> **The input**
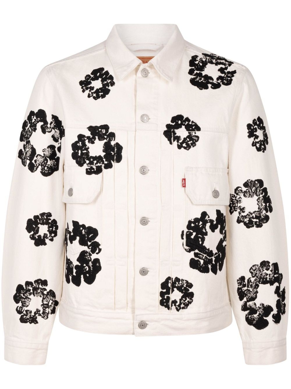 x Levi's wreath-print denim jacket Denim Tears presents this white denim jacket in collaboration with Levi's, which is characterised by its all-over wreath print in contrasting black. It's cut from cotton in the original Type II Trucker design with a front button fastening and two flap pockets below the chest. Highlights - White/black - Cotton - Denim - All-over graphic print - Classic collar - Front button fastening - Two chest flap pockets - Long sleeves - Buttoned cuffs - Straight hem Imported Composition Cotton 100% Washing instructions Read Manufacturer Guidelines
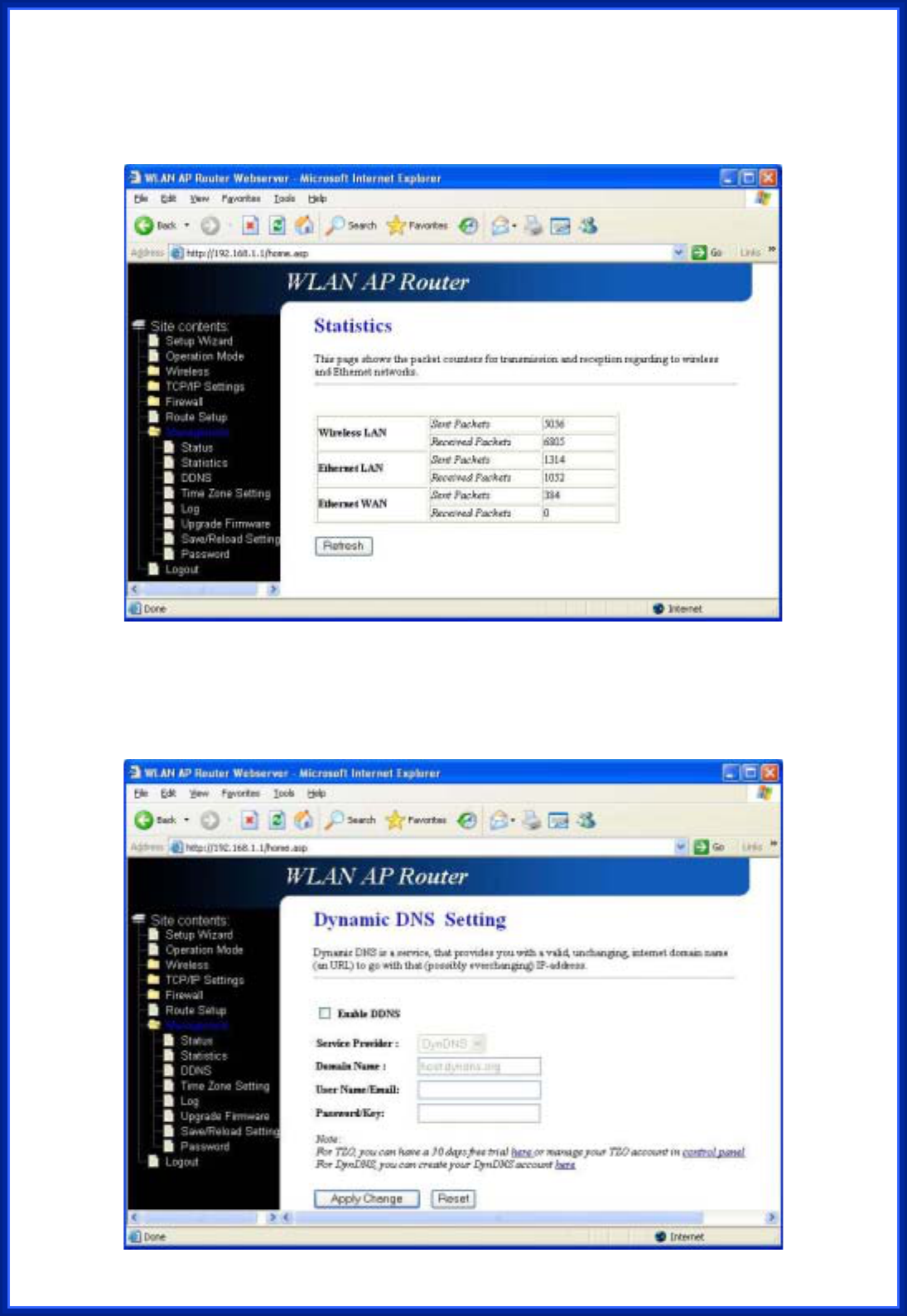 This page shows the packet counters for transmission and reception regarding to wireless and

---

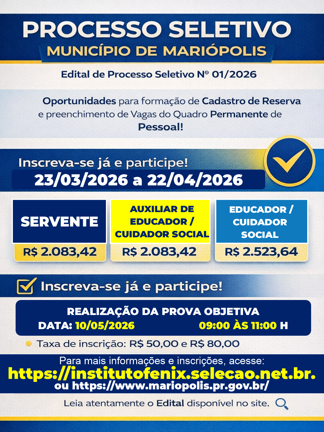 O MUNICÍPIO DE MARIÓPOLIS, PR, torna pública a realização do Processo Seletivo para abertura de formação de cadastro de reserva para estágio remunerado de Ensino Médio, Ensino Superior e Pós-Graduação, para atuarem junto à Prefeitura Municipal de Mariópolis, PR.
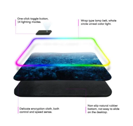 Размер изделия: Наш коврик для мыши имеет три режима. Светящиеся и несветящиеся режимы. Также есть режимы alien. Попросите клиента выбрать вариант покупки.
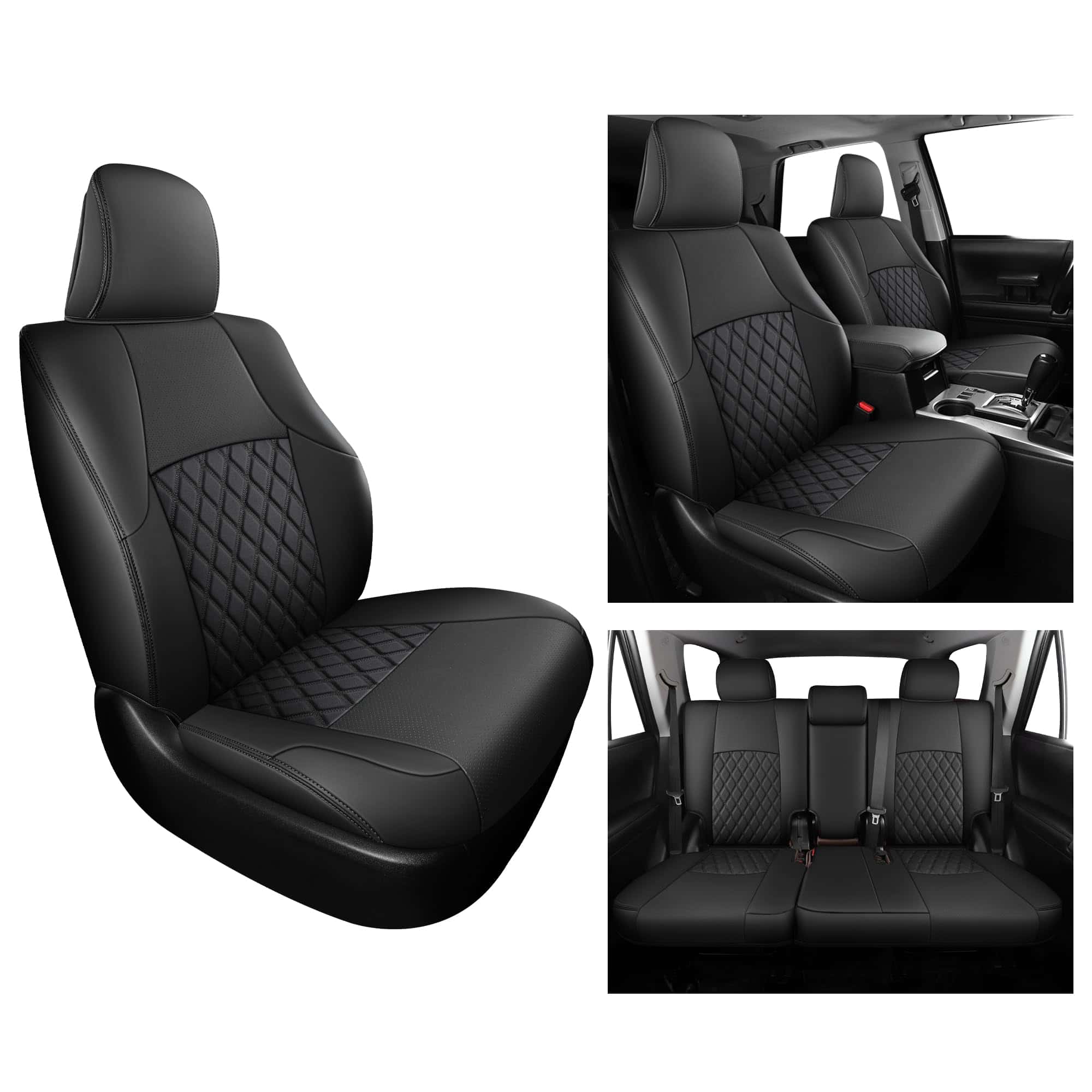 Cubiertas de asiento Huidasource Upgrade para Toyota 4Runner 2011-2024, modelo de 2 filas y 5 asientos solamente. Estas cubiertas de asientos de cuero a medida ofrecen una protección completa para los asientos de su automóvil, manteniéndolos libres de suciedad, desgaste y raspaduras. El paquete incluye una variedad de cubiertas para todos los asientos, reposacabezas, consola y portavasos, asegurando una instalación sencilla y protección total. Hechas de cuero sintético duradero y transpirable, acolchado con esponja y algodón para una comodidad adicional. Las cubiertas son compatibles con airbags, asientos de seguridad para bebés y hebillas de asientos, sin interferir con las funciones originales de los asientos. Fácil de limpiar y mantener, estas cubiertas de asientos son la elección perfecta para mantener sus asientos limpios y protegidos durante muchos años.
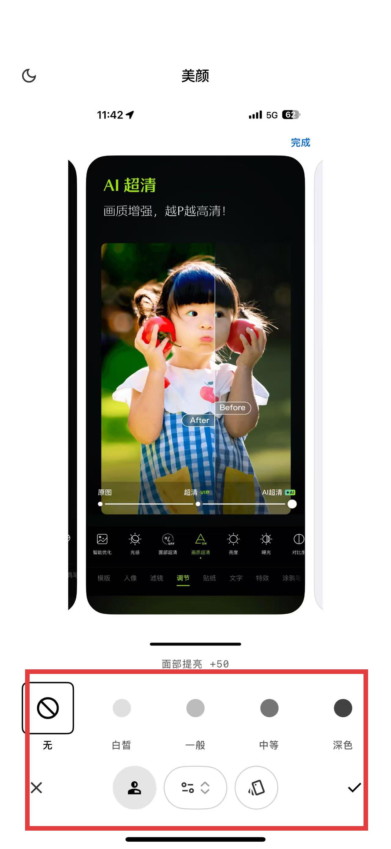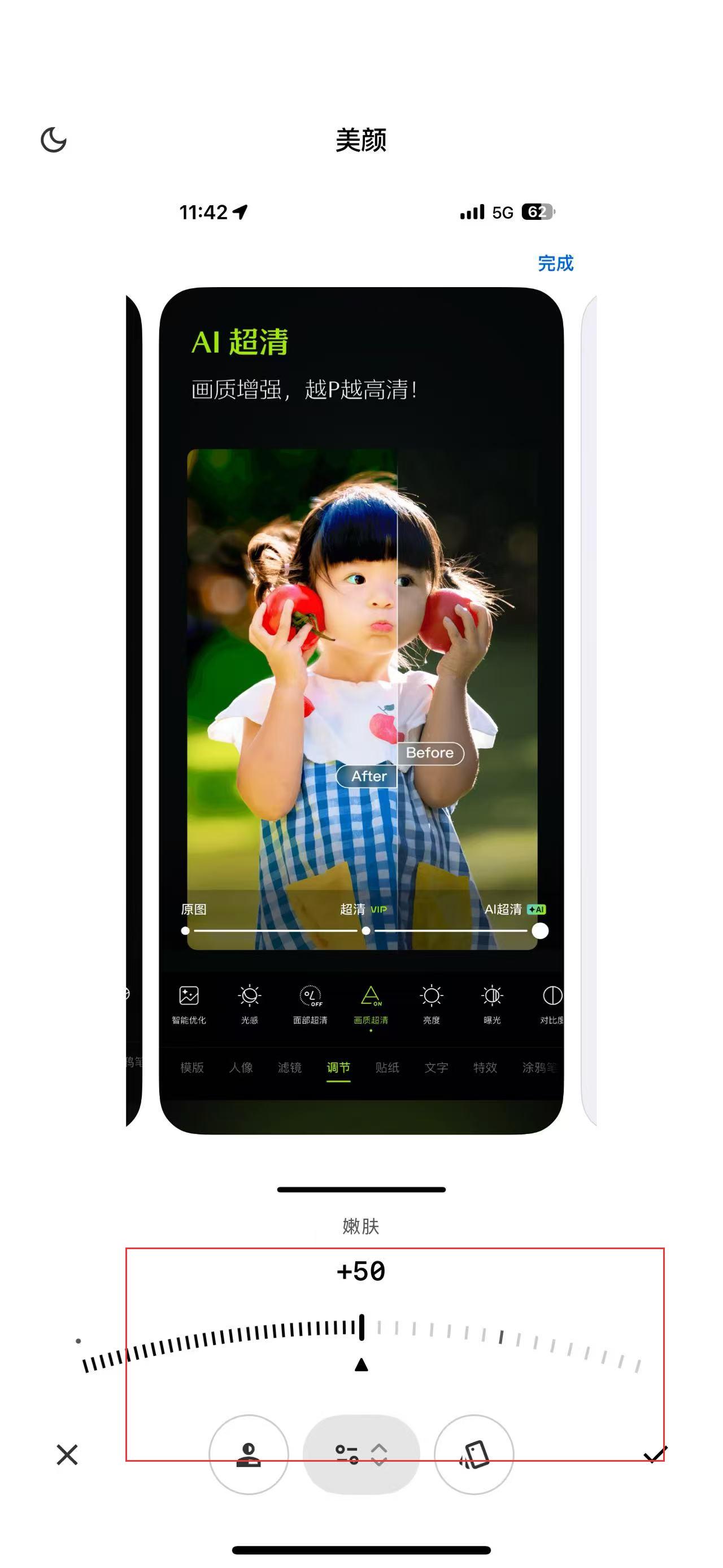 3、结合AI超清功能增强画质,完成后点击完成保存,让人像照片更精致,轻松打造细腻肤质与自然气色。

...

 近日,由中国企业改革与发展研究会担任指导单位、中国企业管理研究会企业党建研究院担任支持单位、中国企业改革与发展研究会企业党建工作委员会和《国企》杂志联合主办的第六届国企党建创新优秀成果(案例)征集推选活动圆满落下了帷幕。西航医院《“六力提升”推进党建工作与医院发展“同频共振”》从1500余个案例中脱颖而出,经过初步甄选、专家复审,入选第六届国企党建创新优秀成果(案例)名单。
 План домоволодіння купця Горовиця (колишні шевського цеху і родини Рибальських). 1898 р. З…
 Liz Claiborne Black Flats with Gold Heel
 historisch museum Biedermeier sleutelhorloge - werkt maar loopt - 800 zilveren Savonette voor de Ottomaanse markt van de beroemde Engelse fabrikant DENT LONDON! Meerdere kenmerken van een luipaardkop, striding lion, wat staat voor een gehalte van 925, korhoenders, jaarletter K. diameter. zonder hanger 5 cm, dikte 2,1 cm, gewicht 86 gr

> **Problem details**
Work from the entries above. Set down exactly and only the lines from the line with "O MUNICÍPIO DE" to the line with "Размер изделия: Наш", both included, and leave the pictures out.

> **Response to the exercise**
 O MUNICÍPIO DE MARIÓPOLIS, PR, torna pública a realização do Processo Seletivo para abertura de formação de cadastro de reserva para estágio remunerado de Ensino Médio, Ensino Superior e Pós-Graduação, para atuarem junto à Prefeitura Municipal de Mariópolis, PR.
 Размер изделия: Наш коврик для мыши имеет три режима. Светящиеся и несветящиеся режимы. Также есть режимы alien. Попросите клиента выбрать вариант покупки.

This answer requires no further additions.